Henrik Grim, MD of Europe at Capchase, says, “Expanding in the UK and appointing Alex is the latest in a series of major milestones for Capchase in an incredibly short period of time. Our new London HQ will give us an even greater presence right at the heart of Europe’s tech and financial industries.”

Capchase expanded its operation to the Netherlands and Belgium earlier this month, and to the Nordic region (Denmark, Sweden, and Finland) in January. 

Alex McCracken appointed Head of Venture Relationships

The US lending company made its first hire and appointed Alex McCracken as Head of Venture Relationships. He will lead Capchase’s relationship with venture capital firms and clients from the new London office. 

Grim says, “Alex’s considerable experience and network in the venture capital industry and as an entrepreneur will enable us to increase our footprint, provide a launchpad for further expansion, and enable more founders to grow faster without dilution.” 

Alex joins Capchase from Silicon Valley Bank, where he spent over a decade as Managing Director for Corporate and Venture Relationships in Europe. Prior to this, Alex was Investment Manager at TTP Ventures. Earlier in his career, Alex co-founded TISS Ltd which developed and sold fuel efficiency systems for road haulage vehicles.

Capchase expects to grow its London team to 15 employees in the next two months. 

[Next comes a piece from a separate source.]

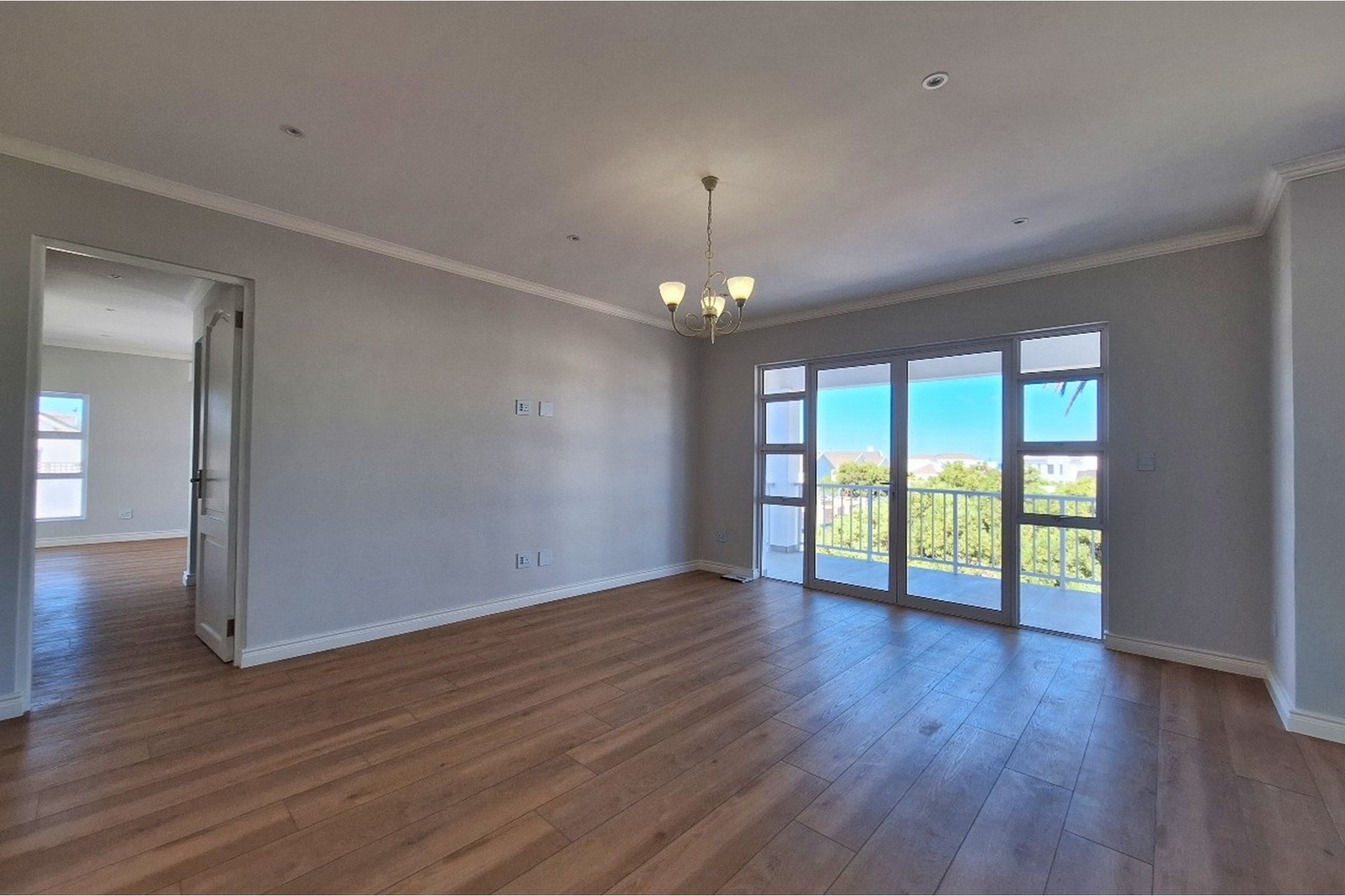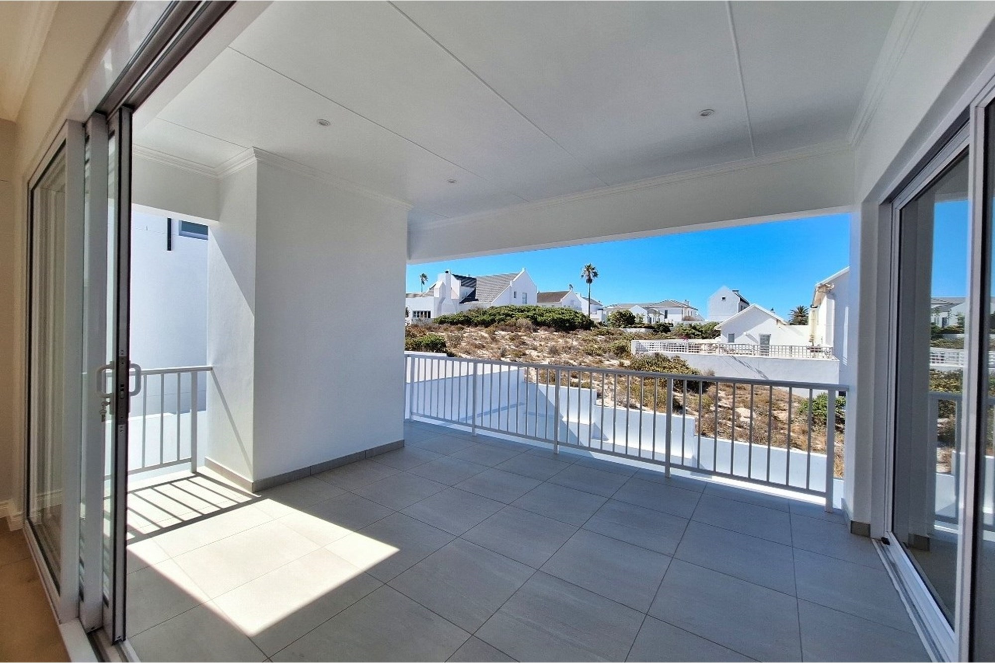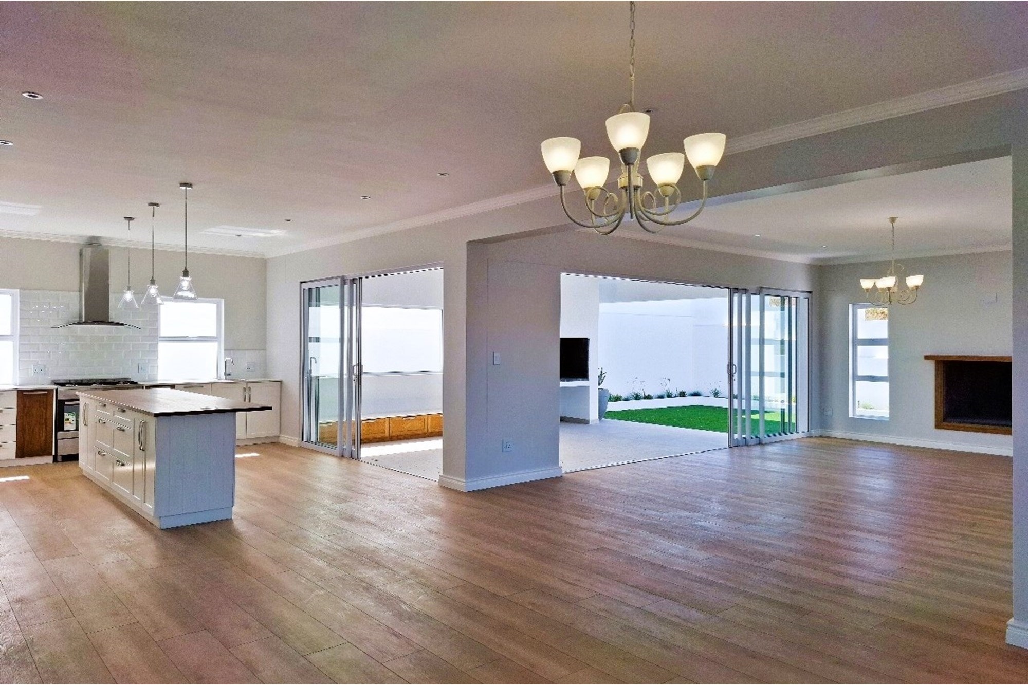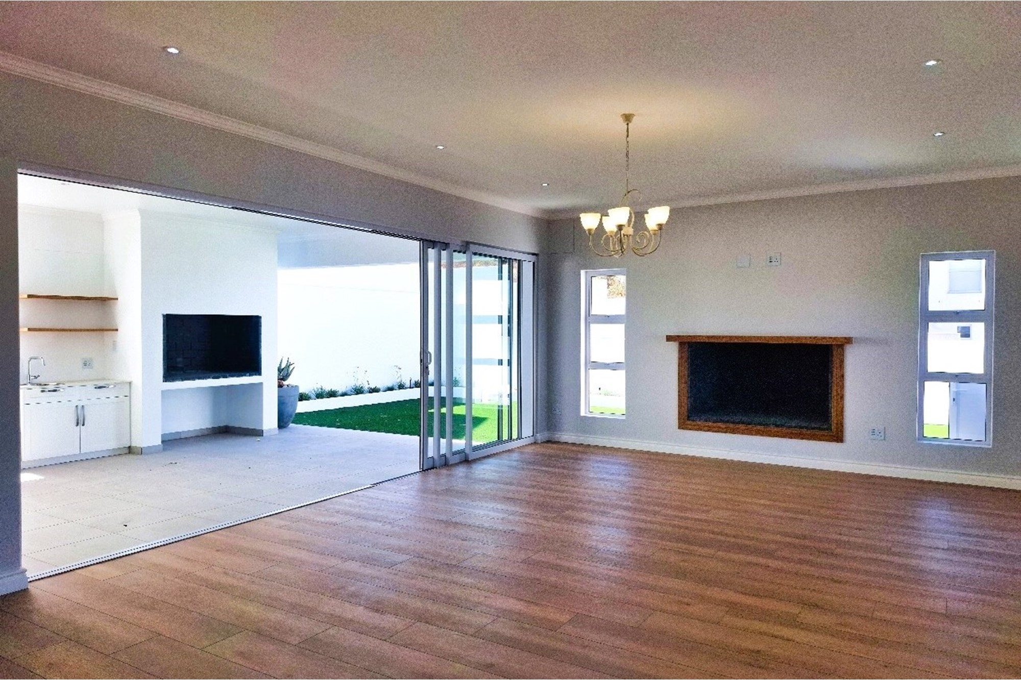 Large sliding doors open to a vast, covered patio with built-in braai (barbecue), perfect for year-round outdoor entertaining.

McCracken says, “Being a former entrepreneur, VC and then a lender has given me experience on all sides of fundraising. Since Capchase is half the cost of venture debt and requires no security or warrants, I can see why the demand for Capchase’s range of non-dilutive funding products is so high. I look forward to helping drive our growth even further in Europe.”

Capchase: What you need to know

Founded in 2020 by Ignacio Moreno, Luis Basagoiti, Miguel Fernandez, and Przemek Gotfryd, Capchase helps SaaS companies finance the growth of their operations with cash tied up in future monthly payments.

Capchase claims to have witnessed strong growth in 2021 and provided about $1.6B in funds to entrepreneurs throughout the year. Currently, the European market alone accounts for 25 per cent of Capchase’s business.

Capchase estimates that 15 per cent of the capital it has provided has been to female and minority-led startups. In contrast, only 2-3 per cent of venture capital deals struck in 2021 went to female and minority-led startups. 

Grim adds, “It is also worth noting that 15% of the funding we have made available has gone to founders from underrepresented groups. While there’s still much more work to be done, we’re delighted that this is significantly higher than the averages for VC deals. It shows that the Capchase model opens the door to many more founders to secure capital.”